Are we deluding ourselves to think that the coronavirus pandemic will become a time for us to truly come together as a nation? We've seen this before. We felt it in 1969 at Woodstock, the pop culture music event of the decade — if not for all time — when hundreds of thousands of us celebrated love, peace and happiness. And we felt it in 1985, when the country banded together and sang "We Are the World" to fight famine in Africa.
Those lyrics from 35 years ago resonate for our new moment of crisis: "There comes a time / when we heed a certain call, / when the world must come together as one. / There are people dying / oh, and it's time to lend a hand to life / — the greatest gift of all."
Were we as naive then as we are today? And if not how can today be different?
That first Saturday of this month was a beautiful day here in South Florida. Out on the golf course, I could see my doubts playing out before my eyes. My more progressive friends wearing their face masks were carefully practicing social distancing. But my more conservative friends acted as if life was totally normal, caring little about the risks of close contact, ignoring the guidelines and verbalizing their feeling that this is much ado about nothing.
And so while uplifted by the preaching of unity, of a day ahead in which we are together as one, reality tells me this is just half the story. It is not the story of mainstream America I see on TV, in the news or in my life. Nor is it what speaks to the complete truth of what is happening.
We speak of listening first, but are we really listening to what many Americans are saying and feeling? Are we just preaching to the choir to make ourselves feel better?
Last month the Times columnist Thomas L. Friedman lamented the country is "locked in a polarized, binary argument about lives versus livelihoods." We are debating the merits of healthy bodies and souls versus the health of our economy — when both are imperative. We are talking past each other or, even worse, we are not talking at all even as Covid-19 spreads among us.
If we can't come together during a pandemic what does that say about the society that we live in, about who we are as a people? If we can't "harmonize our need to protect ourselves from the coronavirus and our need to get back to work," as Friedman neatly summarized the challenge, how will we ever become the sharing, caring and pluralistic society so many friends and colleagues speak about as they labor to bridge our social and political differences?

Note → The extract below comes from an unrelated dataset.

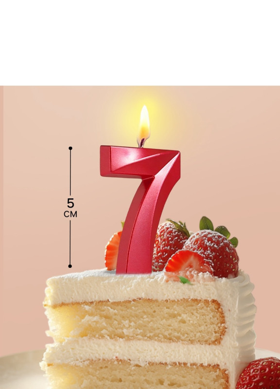 5572761 Свеча в торт "Цифра 7 Красный металлик" на шпажке Высота 5 см.

I am deeply conflicted, as perhaps our country is.
On an emotional level I have been so moved to be part of all the recent Zoom calls, webinars and media events seeking to bring us together.
But I need — and our country needs — more. We need a realistic plan for turning these beautiful ideas into something more tangible. It needs to somehow get us beyond preaching to the choir about unity, something that simply does not resonate with 45 percent of our fellow citizens.

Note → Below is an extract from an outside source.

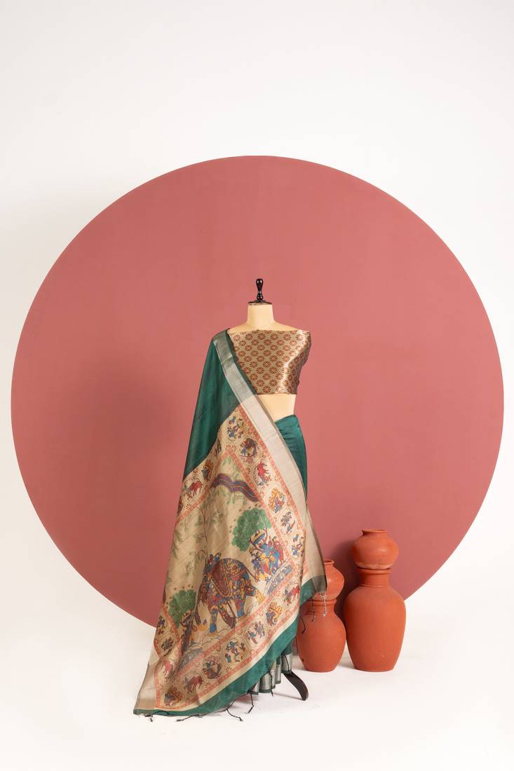 Dark green color khadi art silk saree with printed blouse

So often today we praise and give honor to the essential workers who have become heroes to us all. They are going about their lives without the luxury of thinking about a new normal or pontificating about a "great reset."
After walking down many roads these last 50 years, I am still asking "How many seas must the white dove sail before she sleeps in the sand?"
I so want to believe that "All You Need is Love," but I cannot help but wonder if we are just "Blowin' in the Wind." And if we are, may we find the answers there.